始终使用并发数据结构。除非条带化的缺点(如下所述)成为频繁操作。在那种情况下,您将不得不获取所有锁?我读到最好的方法是递归。

Lock striping is useful when there is a way of breaking a high contention lock into multiple locks without compromising data integrity. If this is possible or not should take some thought and is not always the case. The data structure is also the contributing factor to the decision. So if we use a large array for implementing a hash table, using a single lock for the entire hash table for synchronizing it will lead to threads sequentially accessing the data structure. If this is the same location on the hash table then it is necessary but, what if they are accessing the two extremes of the table.

当有一种方法可以将高争用锁分解为多个锁而不影响数据完整性时,锁条带很有用。如果这是可能的,应该考虑一下,并非总是如此。数据结构也是决策的促成因素。所以如果我们用一个大数组来实现一个哈希表,对整个哈希表使用一个锁进行同步,就会导致线程顺序访问数据结构。如果这是哈希表上的相同位置,那么这是必要的,但是,如果它们正在访问表的两个极端呢?

The down side of lock striping is it is difficult to get the state of the data structure that is affected by striping. In the example the size of the table, or trying to list/enumerate the whole table may be cumbersome since we need to acquire all of the striped locks.
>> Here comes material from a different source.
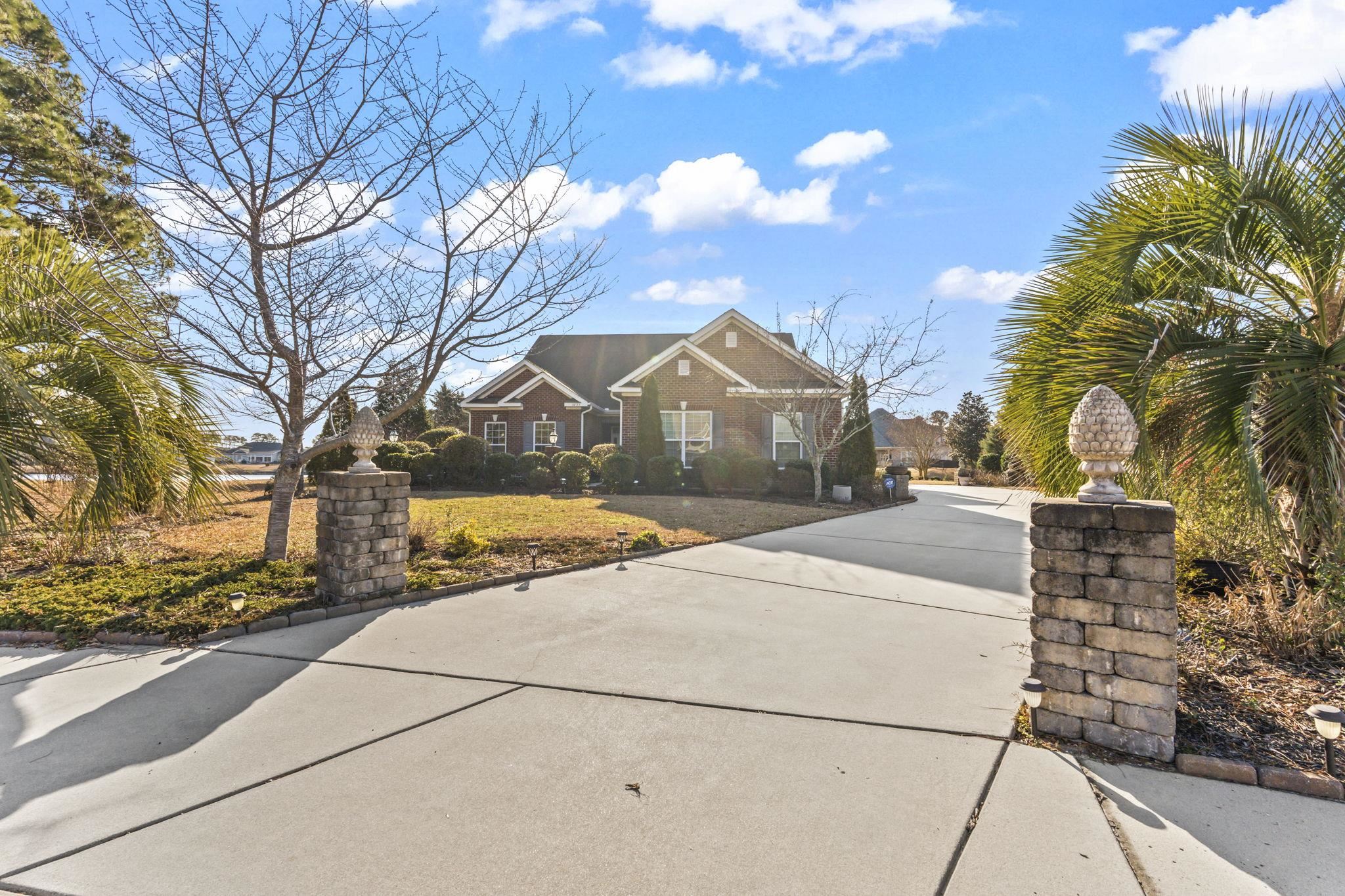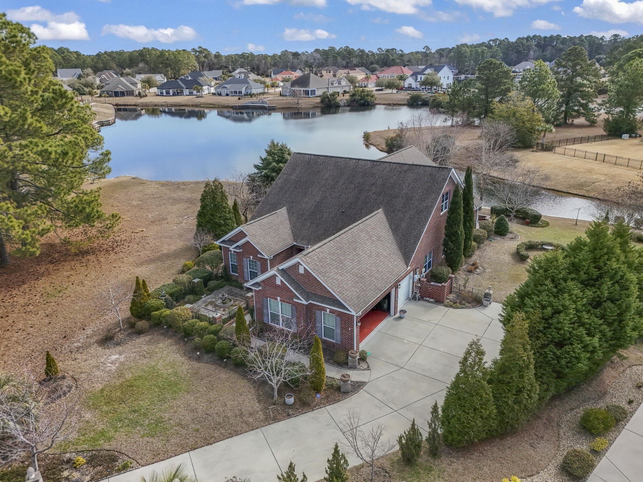 This stunning lakefront home sits perfectly on a peaceful cul-de-sac, offering unmatched privacy, space, and direct water access in Wild Wing Plantation. Enter through the foyer into a thoughtfully designed 3BR/2BA all-brick custom home on over a half-acre with its own private boat slipan exceptional feature for true lakefront living. A courtyard with a soothing fountain welcomes you at the front entry, offering the perfect space for gardeners to create their dream haven. Inside, youll find hardwood floors, vaulted ceilings, a formal dining room, and a home office with French doors. Enjoy lake views from nearly every room, an open floor plan, stainless steel appliances, granite countertops, and a spacious kitchen. The freshly carpeted primary suite includes a walk-in closet, double sinks, and a tiled walk-in shower. A bright Carolina sunroom and a screened porch provide multiple spaces to relax and take in the water views. With a private boat slip, a lake that allows motorized boats, and community amenities including a gated boat ramp and a secured storage area for boats, RVs, and campers, this property offers exceptional convenience for boating and waterfront recreation. An oversized 3-car garage and expansive driveway provide excellent parking and storage. The low-HOA, golf-course community features three pools, tennis, a fitness center, basketball, and miles of scenic lakes to explore. Note: some photos have been virtually staged

锁条带化的缺点是很难获得受条带化影响的数据结构的状态。在示例中,表的大小或尝试列出/枚举整个表可能很麻烦,因为我们需要获取所有条带锁。

回答by Jean-Michel

Of course a Map without any lock system wins against one with thread-safe behavior which needs more work. The point of the Concurrent one is to be thread safe without using synchronized so to be faster than HashTable. Same graphics would would be very interesting for ConcurrentHashMap vs Hashtable (which is synchronized).

当然,没有任何锁定系统的 Map 会胜过需要更多工作的具有线程安全行为的 Map。Concurrent 的重点是在不使用 synchronized 的情况下是线程安全的,因此比 HashTable 更快。对于 ConcurrentHashMap 与 Hashtable(同步),相同的图形会非常有趣。